= Oscar Fritschi =

Swiss politician (1939–2016)

Oscar Fritschi

Oscar Fritschi (25 February 1939 – 8 January 2016) was a Swiss politician (FDP).

==Biography==
Fritschi was born on 25 February 1939 in Winterthur, Switzerland. He grew up as the son of a liberal Superintendent of the textile industry. He completed a history degree at the University of Zurich and received a doctorate. He subsequently worked as a high school teacher and wrote reports of party meetings for the Neue Zürcher Zeitung (NZZ).

In 1965, Fritschi was appointed by the then cantonal party president and editor of the NZZ Ernst Bieri to party secretary for the canton and city of Zürich. In 1972, Fritschi became editor in chief for the Zürcher Oberland.

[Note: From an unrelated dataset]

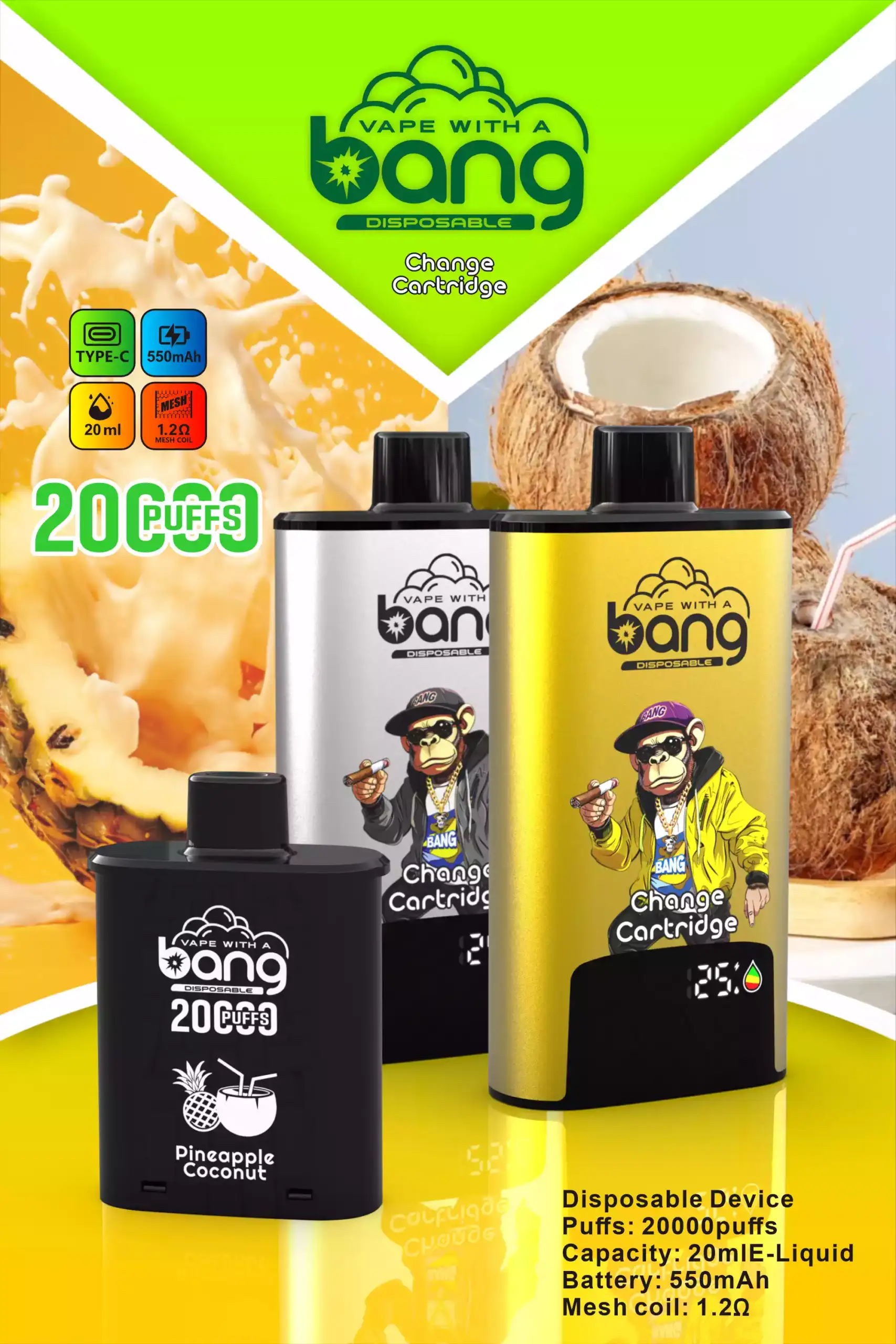 Entdecken Sie die BANG20000 DSK046 «B20HD», eine hochwertige Einweg-E-Zigarette für anspruchsvolle Dampfer. Mit 20.000 Zügen, einem 20-ml-E-Liquid-Tank und einem 550-mAh-Akku bietet dieses Modell ein langanhaltendes, komfortables und geschmackvolles Dampferlebnis. Ausgestattet mit einem 1,2-Ω-Mesh-Coil und einem Type-C-Ladeanschluss für schnelles Aufladen, kombiniert die B20HD Leistung, Sicherheit und Komfort. Das ergonomische Design und die vielfältigen Geschmacksrichtungen garantieren ein reichhaltiges, personalisiertes Dampferlebnis für jeden Dampfer.

From 1986 to 1992, Fritschi was president of the FDP of the canton of Zürich. From 1991 to 1992, he was a member of the Cantonal Council of the Canton of Zürich. On November 25, 1991, he was in the National Assembly elected and had there a seat in the Security Policy, the Political Institutions and the Drafting Committee. In the 1999 parliamentary elections, he no longer had support, and therefore resigned December 5, 1999, the Grand Chamber of. After that, he was president of the European Conference on Human Rights and self-determination.

Fritschi retired in 2004, but remained Chairman of the Board of the scoreboard of Uster, and worked for the Journal of Zürcher Oberland. He was also appointed to the board of the FDP of the district Hinwil and president of the Foundation for Archaeology and Cultural History in Canton of Zürich.

In the Swiss army, Fritschi was a Colonel. He never married.

Fritschi died on 8 January 2016, following a short stay in a hospital.